Data below:
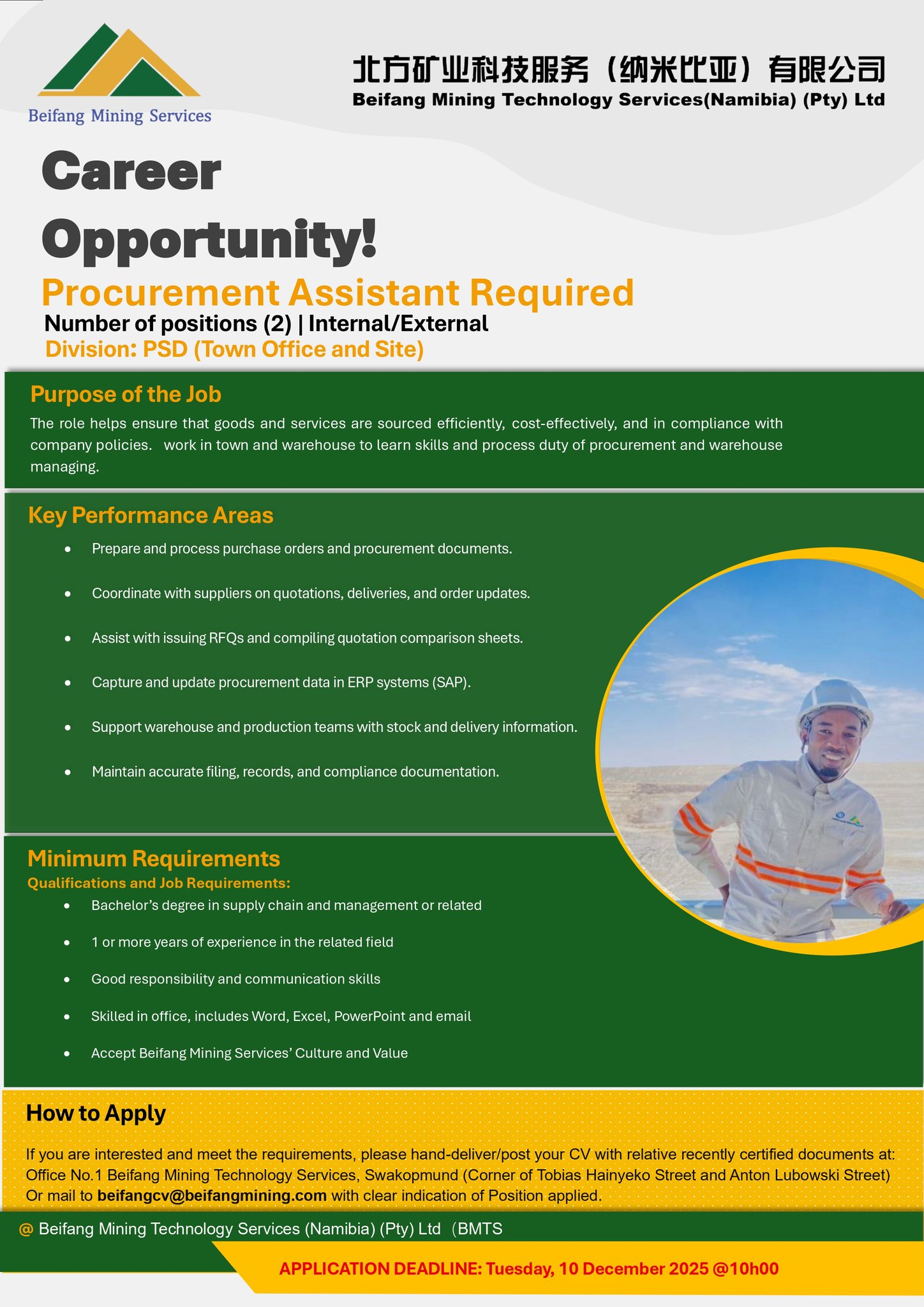 Namibian candidates seeking Beifang Mining Service job opportunities have come to the right place! This article offers detailed information on Procurement Officer, Procurement Assistant and various other job openings to help advance your career. For those interested in employment with the Namibian government and private companies, we provide up-to-date information on current Beifang Mining Service job openings. The Beifang Mining Service Vacancies Portal is known for frequently hiring for various government positions in Namibia, making it one of the most sought-after platforms. Additionally, you can download the Beifang Mining Service Application Form 2025 PDF for Namibian government jobs directly from our website. Start your career journey today!
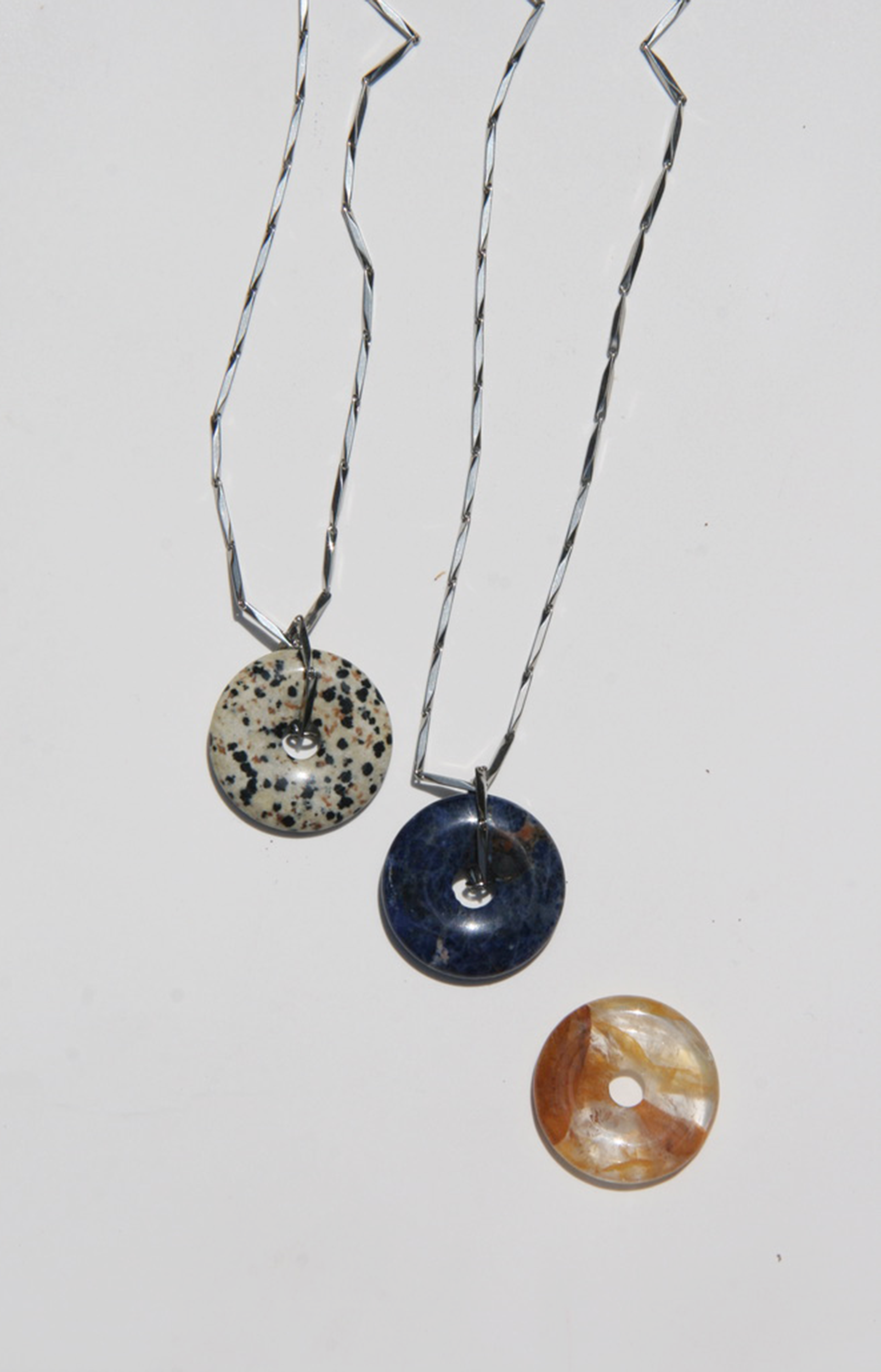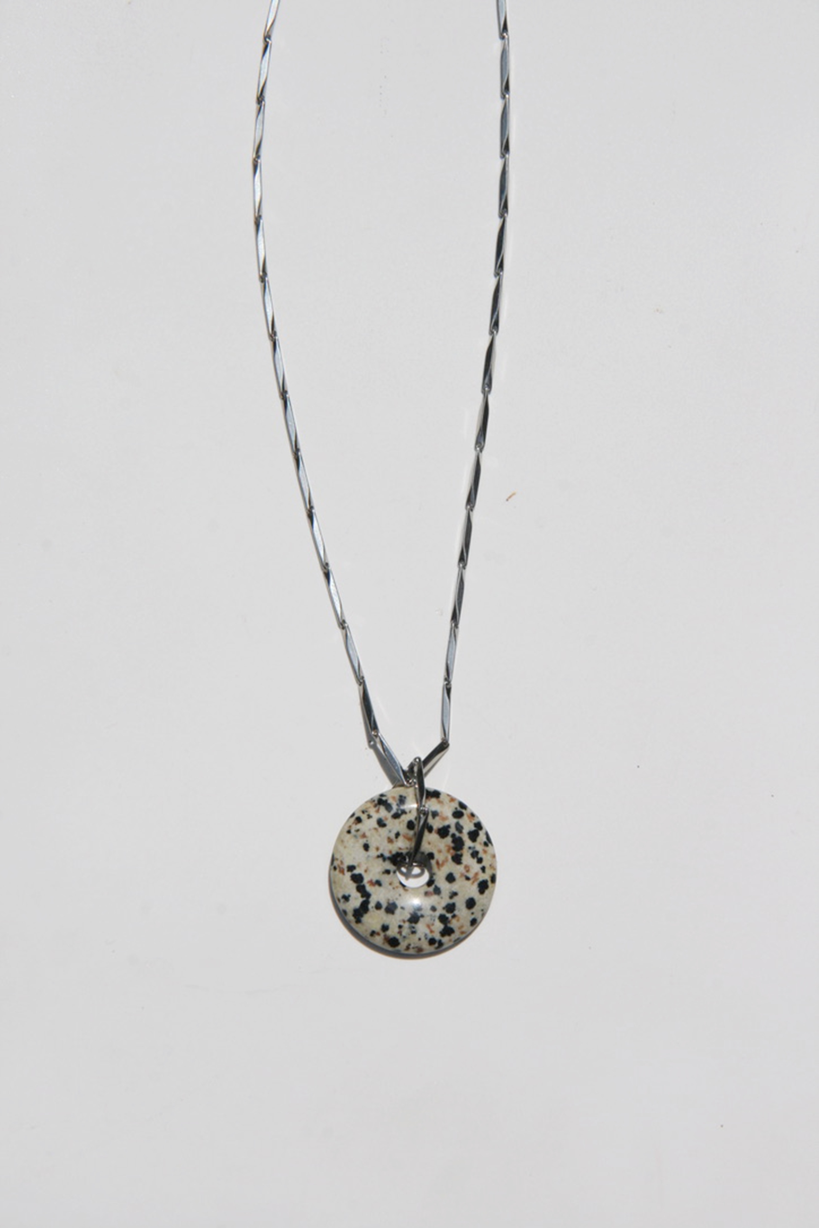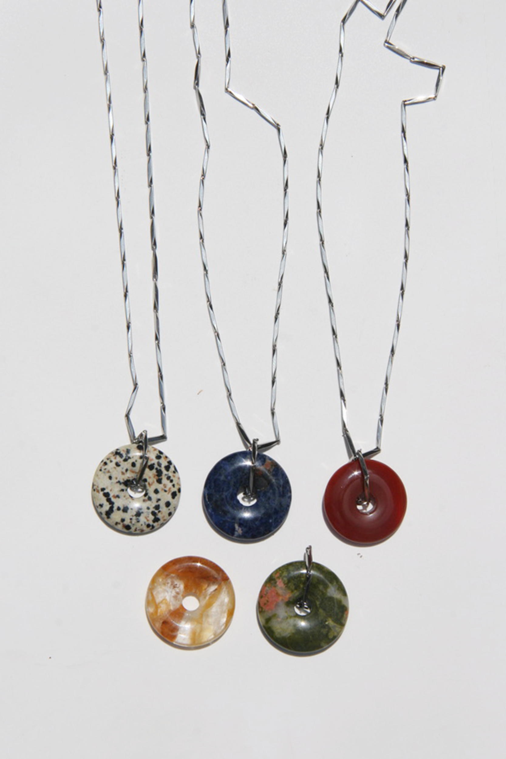 Featuring the refined La Homme chain on a smaller scale in polished rhodium, complemented by a gemstone donut pendant. Subtle and sleek.
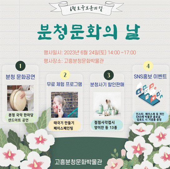 한편, ‘분청 문화의 날’행사는 7월, 9월, 10월, 11월 마지막 주 토요일 오후 2시에 분청문화박물관 일원에서 박물관 무료관람, 정기 문화공연, 홍보 이벤트, 특별 무료체험 등 다양한 프로그램으로 운영된다.

What needs to be done: When you output the listing, reproduce it exactly but drop its pictures.

Task result:
 Namibian candidates seeking Beifang Mining Service job opportunities have come to the right place! This article offers detailed information on Procurement Officer, Procurement Assistant and various other job openings to help advance your career. For those interested in employment with the Namibian government and private companies, we provide up-to-date information on current Beifang Mining Service job openings. The Beifang Mining Service Vacancies Portal is known for frequently hiring for various government positions in Namibia, making it one of the most sought-after platforms. Additionally, you can download the Beifang Mining Service Application Form 2025 PDF for Namibian government jobs directly from our website. Start your career journey today!
 Featuring the refined La Homme chain on a smaller scale in polished rhodium, complemented by a gemstone donut pendant. Subtle and sleek.
 한편, ‘분청 문화의 날’행사는 7월, 9월, 10월, 11월 마지막 주 토요일 오후 2시에 분청문화박물관 일원에서 박물관 무료관람, 정기 문화공연, 홍보 이벤트, 특별 무료체험 등 다양한 프로그램으로 운영된다.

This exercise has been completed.